Michaëlsson and colleagues suggest that milk is harmful because a metabolite of lactose, D-galactose, mimics aging through inflammation and oxidative stress in animal models. The authors show that milk, but not fermented dairy products, is positively associated with a biomarker of oxidative stress (8-iso-PGF2α), but they could not test whether the positive associations of milk with hip fracture, cardiovascular mortality, and death were specifically mediated by D-galactose. D-galactose relates to bone metabolism in animals11; evidence concerning the cardiovascular effects of D-galactose is limited.
Lactase persistence has evolved independently several times and shows signs of preferential selection,12 indicating that lactase persistence may promote survival to adulthood or fertility but not necessarily longevity. Inability to process D-galactose, galactosemia, is associated with reproductive abnormalities,13 suggesting that D-galactose or its metabolities could have reproductive effects. However, a theory stands or falls according to how its predictions withstand testing and not according to the plausibility of its mechanism. Tests in humans to confirm or refute the role of milk and D-galactose or its metabolites in early survival, fertility, and longevity are not available.
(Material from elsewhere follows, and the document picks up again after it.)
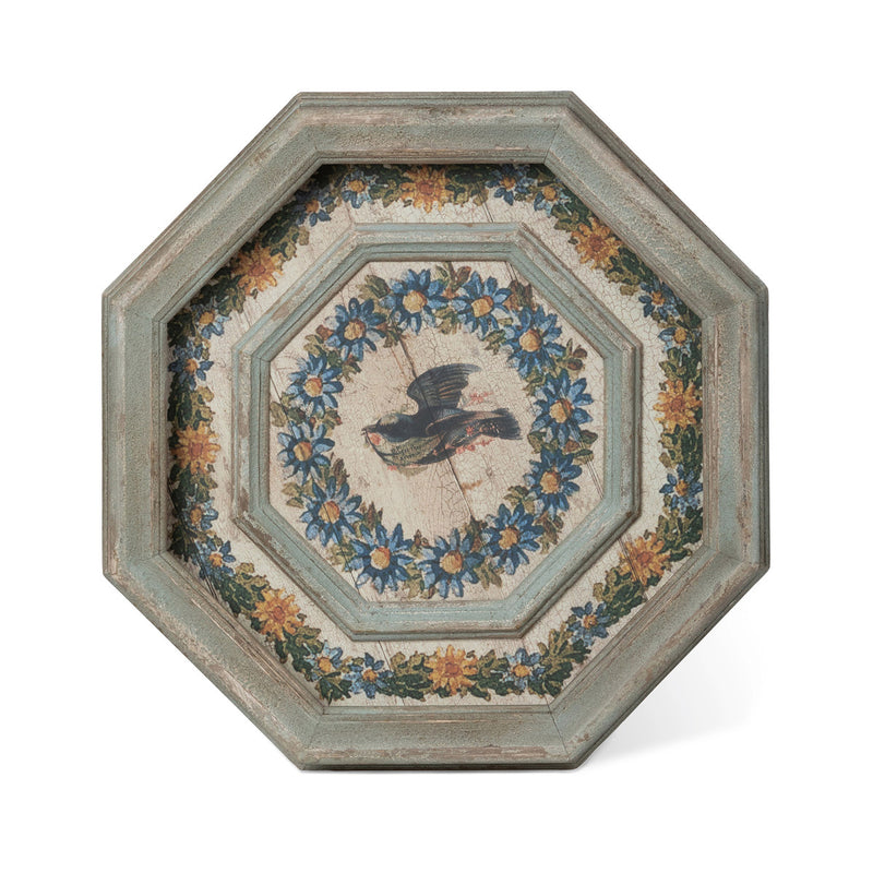 Resembling a mosaic pattern wall hanging, this intricate floral design on these wood wall tiles fit together to create beautiful and unusual wall décor. Delicate artwork in subtle colors is a feminine and a delightful addition to a parlor, living room or bedroom.

Michaëlsson and colleagues raise a fascinating possibility, about the potential harms of milk with an interesting inner mechanism involving D-galactose, which is consistent with ecological evidence9 10 and animal studies.11 Their findings should be interpreted cautiously though because the authors rely on observational not experimental evidence, potentially reflecting correlation not causation.
As milk features in many dietary guidelines5 and both hip fractures and cardiovascular disease are relatively common among older people, improving the evidence base for dietary recommendations could have substantial benefits for everyone. Comparing the health of adults with and without genetic lactase persistence in a setting where milk intake is discretionary and reflects only lactase persistence might be the most expeditious way forward, although randomized controlled trials, if feasible and ethical, would be most convincing.
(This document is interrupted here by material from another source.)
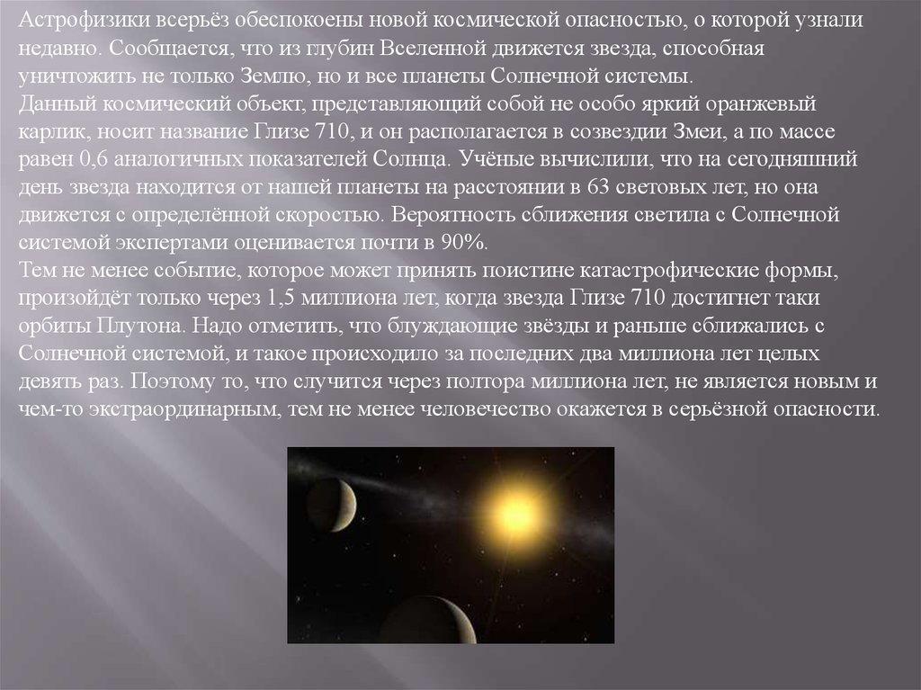 произойдёт только через 1,5 миллиона лет, когда звезда Глизе 710 достигнет таки

As milk consumption may rise globally with economic development and increasing consumption of animal source foods, the role of milk in mortality needs to be established definitively now.
Cite this as: BMJ 2014;349:g6205
Competing interests: I have read and understood the BMJ policy on declaration of interests and declare the following interests: none.
Provenance and peer review: Commissioned; not externally peer reviewed.